### [EXERCISE DETAILS]
Drop the pictures and extract exactly the lines from the one that contains "backdrop. Vector illustration" through the end of the material.
============
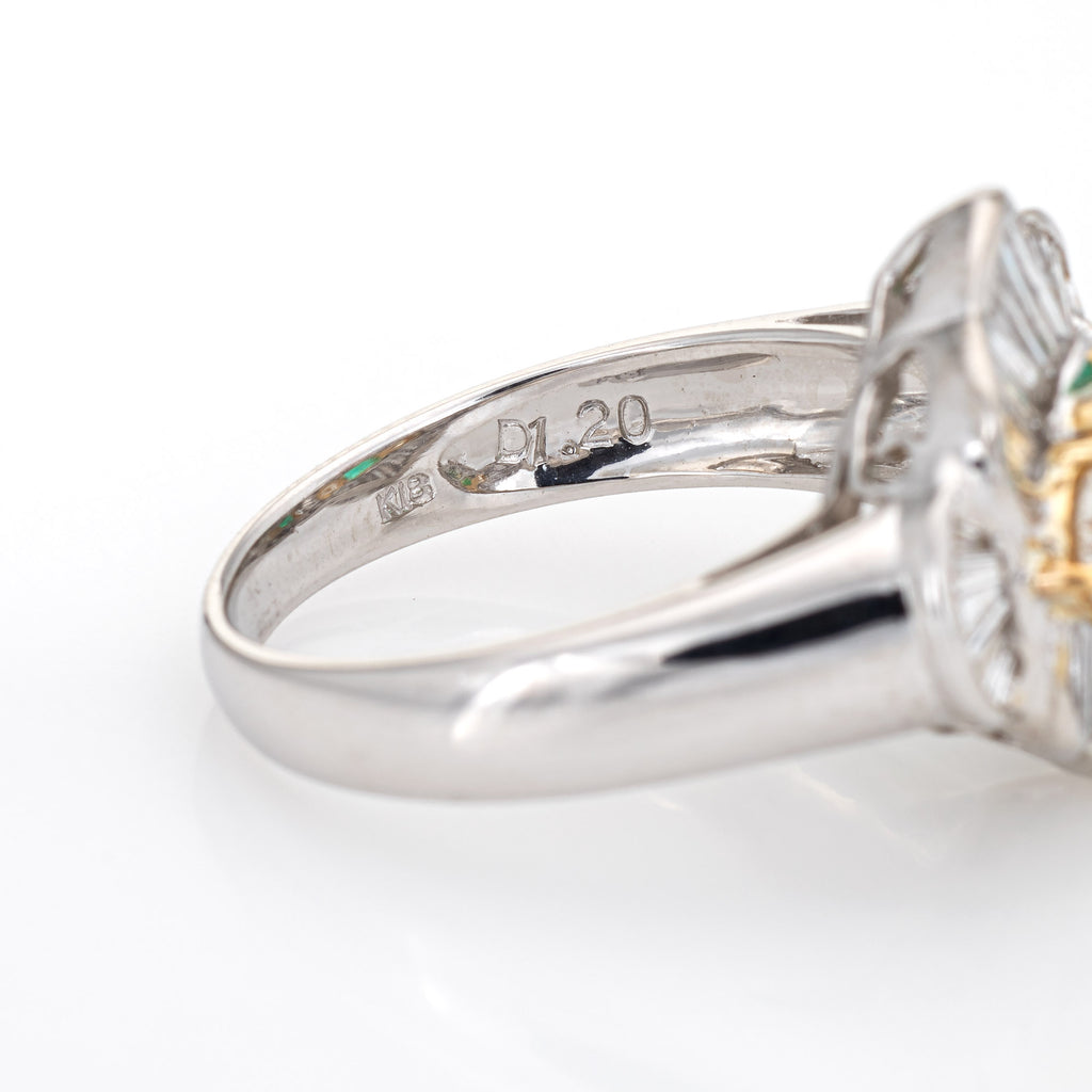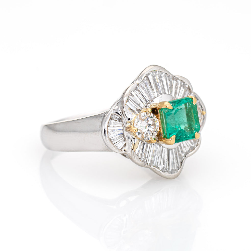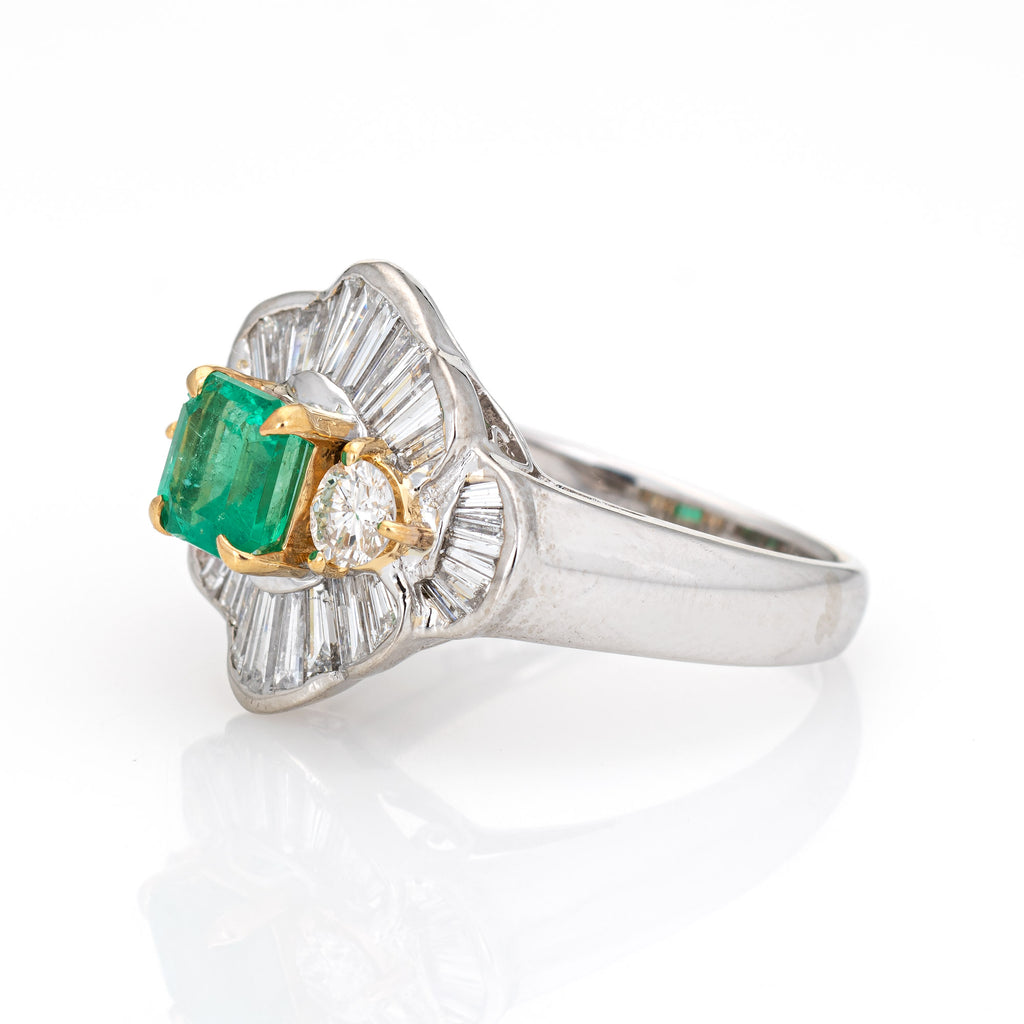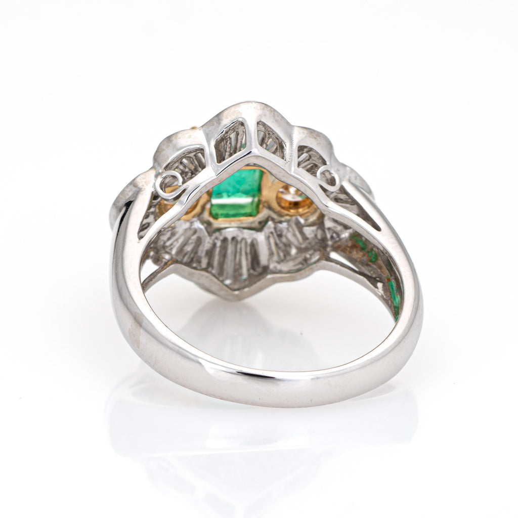 Stylish emerald & diamond cocktail ring crafted in platinum & 18 karat yellow gold.
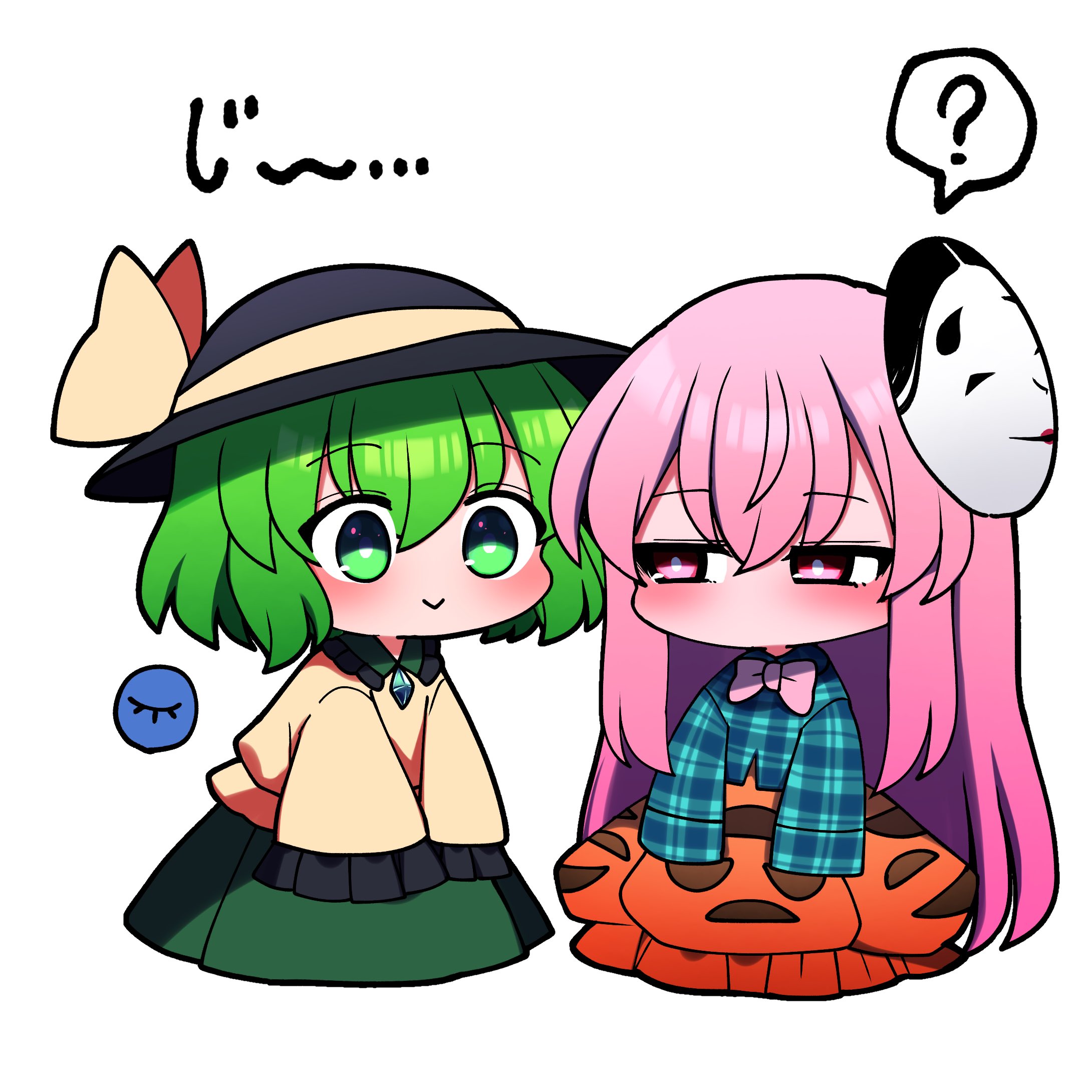 2girls ? bad_id bad_twitter_id black_hat black_shoes blush bow bowtie bright_pupils chibi chibi_only closed_mouth commentary_request frilled_sleeves frills green_eyes green_hair green_skirt hat hata_no_kokoro heart highres hyottoko_mask komeiji_koishi light_smile long_skirt long_sleeves looking_at_another mask mask_on_head medium_hair multiple_girls no_mouth no_nose orange_skirt pink_bow pink_bowtie pink_eyes pink_hair shirt shoes sitting skirt sleeves_past_fingers sleeves_past_wrists spoken_question_mark third_eye touhou traditional_bowtie white_pupils you_(noanoamoemoe)
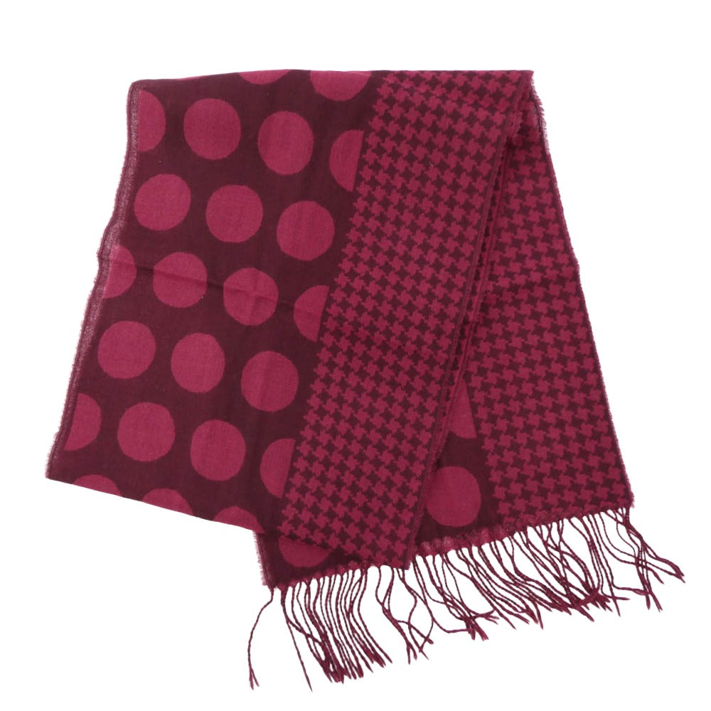 Yohji Yamamoto POUR HOMME ヨウジヤマモトプールオム HC-L02-155 ウール ドット?ハウンドトゥース ストール ワインレッド系【中古】
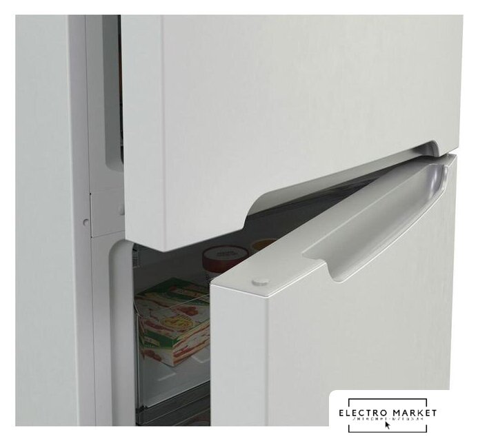 отдельностоящий, без No Frost, электронное управление, класс A+, полезный объём: 301 л (182 + 119 л), перенавешиваемые двери, лоток для яиц, 59.5x62.7x176.8 см, белый
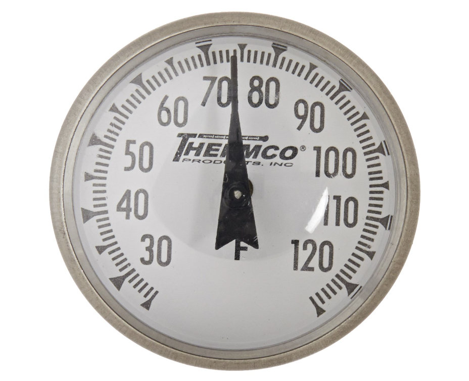 Thermco’s BI-METAL Dial Thermometers feature quality construction and design with easy-to-read black scale on a white background. The accuracy of these thermometers is +/- 1% over the entire scale. All stainless steel case, stem, and bezel for superior shock protection, even in extreme conditions. The lens is made from unbreakable polycarbonate. An external nut provides for easy recalibration. Immersion is approximately 2” (50mm). Supplied with a convenient plastic stem case that has a pocket clip. This case can also be used as a handle for the thermometer.
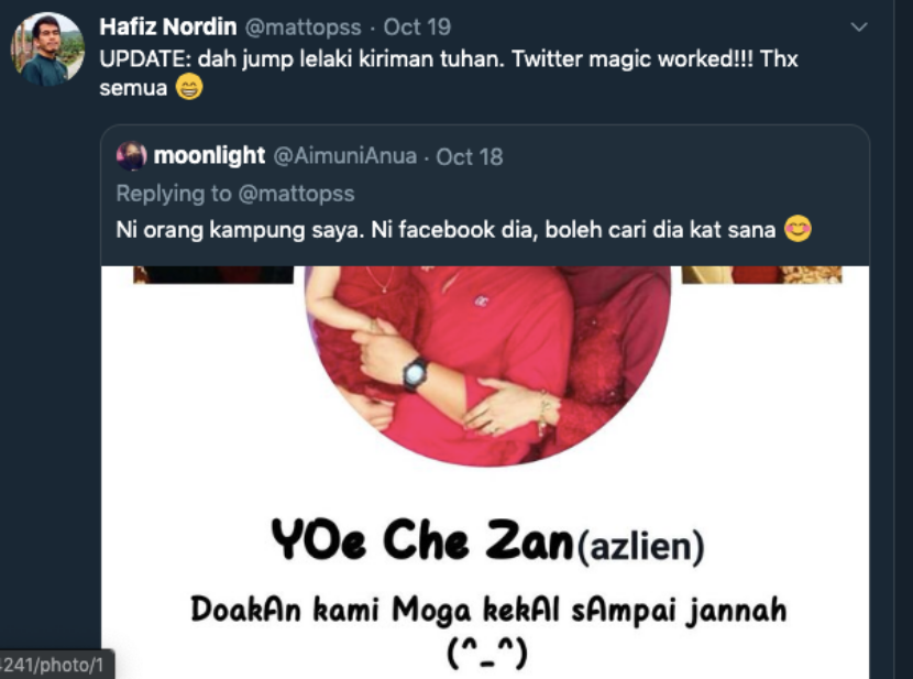 “Dia hanya memperkenalkan dirinya sebagai ‘Abang Yeo’ sahaja. Apabila sampai di rumah saya nak hulurkan sedikit duit, tetapi dia tolak.
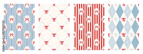 © accogliente, Fototapeta premium Christmas bows and ribbons seamless pattern background set. Vintage xmas packaging textures. Cute decorative frames. Coquette holiday print. Wrapping paper. Striped backdrop. Vector illustration
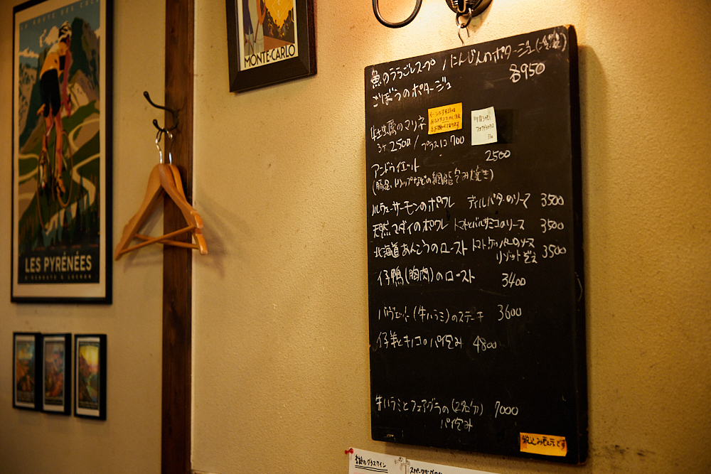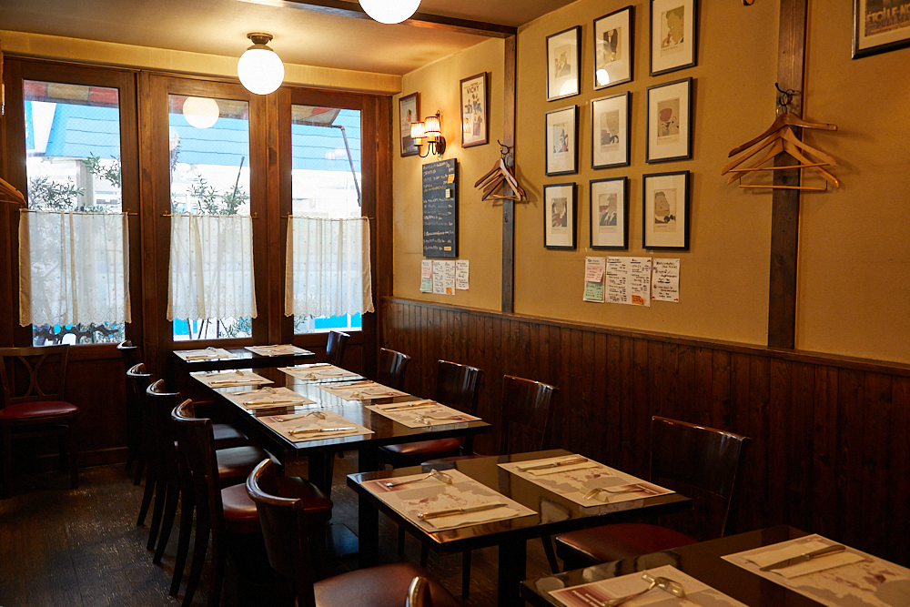 それから20年。古色のついた床に、丸くなったテーブルの縁、壁にはフランスのポスターなどが飾られ、パリの老舗のビストロのような風情を醸し出している。
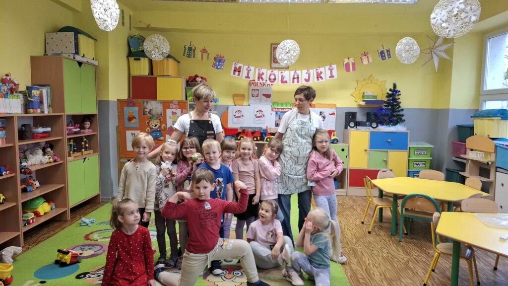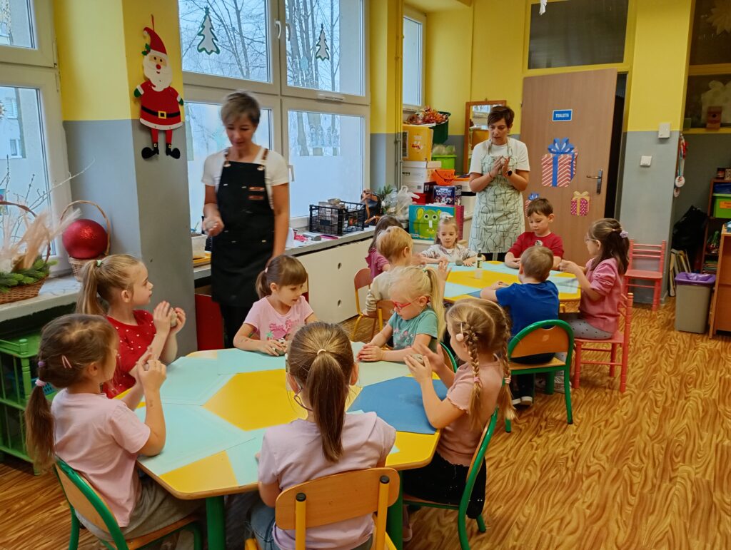 Dnia 28.11.2025 r. w ramach warsztatów ceramicznych, pani Asia i pani Kinga z pracowni ceramicznej ZSO nr 5 odwiedziły grupę Krasnale.
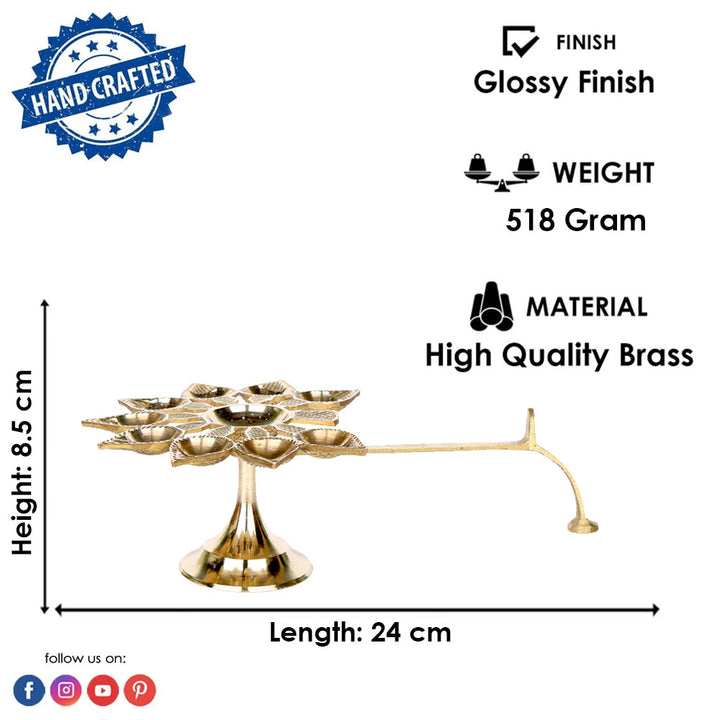 • Item Name: Brass 9 Mukhi Aarti Diya with Handle
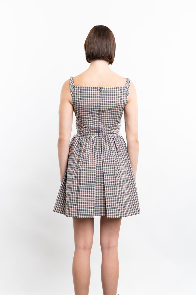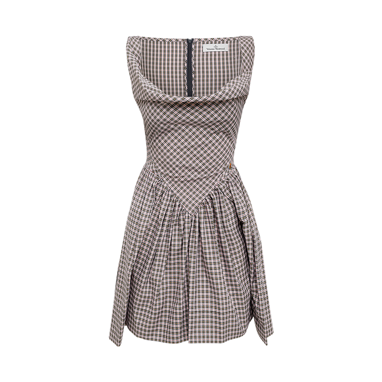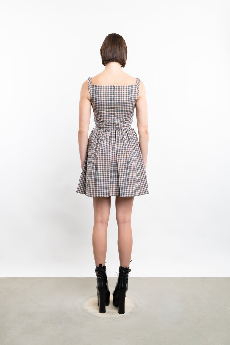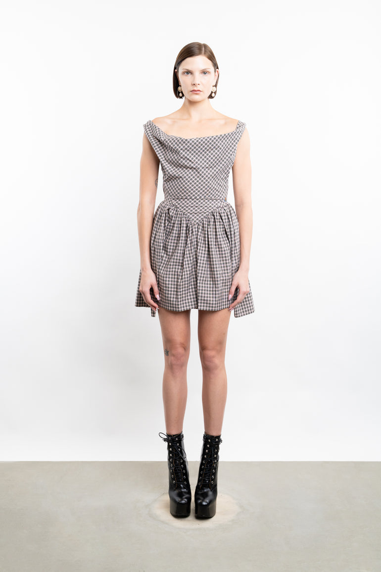 Minidress in corset-inspired silhouette with draped neckline, darting details, pleat detailing and concealed zip fastening.
============
### [WORKED SOLUTION]
 © accogliente, Fototapeta premium Christmas bows and ribbons seamless pattern background set. Vintage xmas packaging textures. Cute decorative frames. Coquette holiday print. Wrapping paper. Striped backdrop. Vector illustration
 それから20年。古色のついた床に、丸くなったテーブルの縁、壁にはフランスのポスターなどが飾られ、パリの老舗のビストロのような風情を醸し出している。
 Dnia 28.11.2025 r. w ramach warsztatów ceramicznych, pani Asia i pani Kinga z pracowni ceramicznej ZSO nr 5 odwiedziły grupę Krasnale.
 • Item Name: Brass 9 Mukhi Aarti Diya with Handle
 Minidress in corset-inspired silhouette with draped neckline, darting details, pleat detailing and concealed zip fastening.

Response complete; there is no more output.